Video: Scene from the movie “Mona Lisa Smile”

Art works and cultural images are now being made to be reproduced; the most reproducible ones enter the marketplace (Irvine, 6)  Art work is losing its uniqueness in exchange for accessibility,  living in a digital world makes us want all kinds of information in accelerated pace and sometimes we don’t enjoy looking at the innate beauty of things.

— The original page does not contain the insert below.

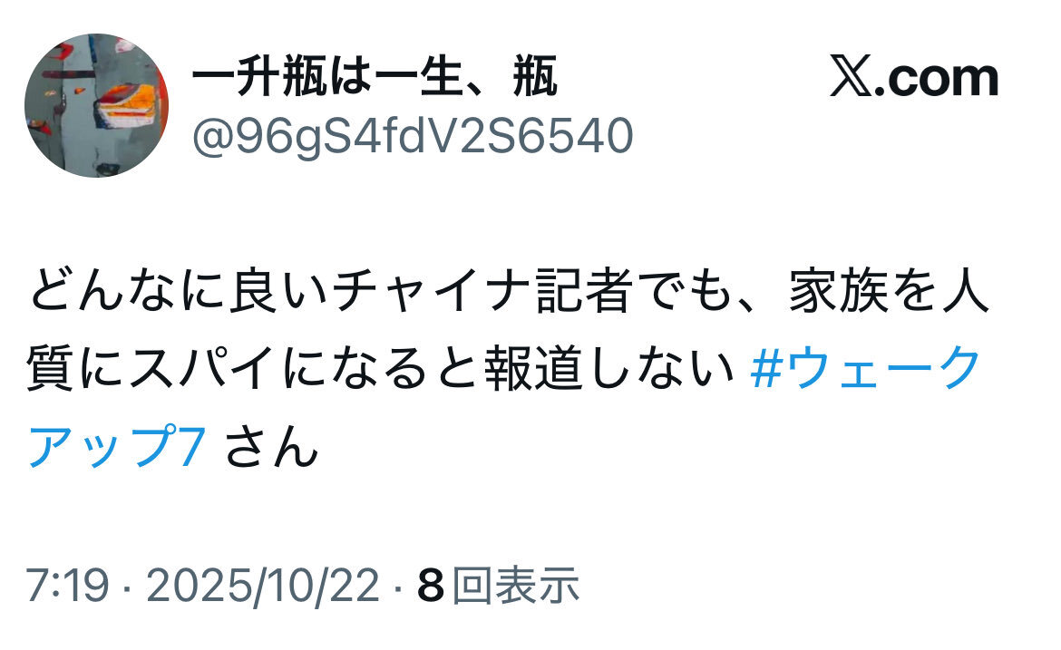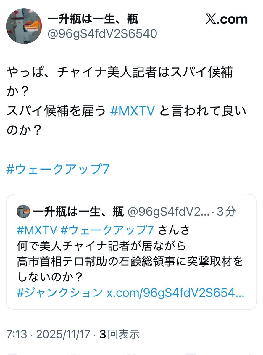 「中国人記者」だけで無く、気に入らない日本人にもスパイレッテル。 ホンモノのスパイには全く無力な右層。 @96gS4fdV2S6540 #一升瓶は一生瓶 #MXTV #ウェークアップ7 #ジャンクション pic.x.com/iuMrQ1JARq

The possibility of finding anything is just a few keystrokes and a Google Search away so we must seriously consider if the tools of the digital age are being used wisely.  Is it more important to gain quick access to any piece of artwork than the artwork itself?

Are we so eager to digitize our very own existence that we are searching for ways to narrow existential gaps without consideration on how we are really making them wider?

Living a full live from the comfort of tour own living room.  Museums are cultural institutions that should be preserved and taken care of.  They are small universes that are able to take us to  different worlds and historical places and as such should be a mean to feed the user’s imagination not some collection of pixels stored far, far away.

WORKS CITED

Dewey, John. Art as experience. Penguin, 2005.

Wikipedia “Museum”  http://en.wikipedia.org/wiki/Museums

Irvine, Martin “Mediation and Representation: Plato to Baudrillard and Digital Media.”

André Malraux, “La Musée Imaginaire (The Imaginary Museum)”.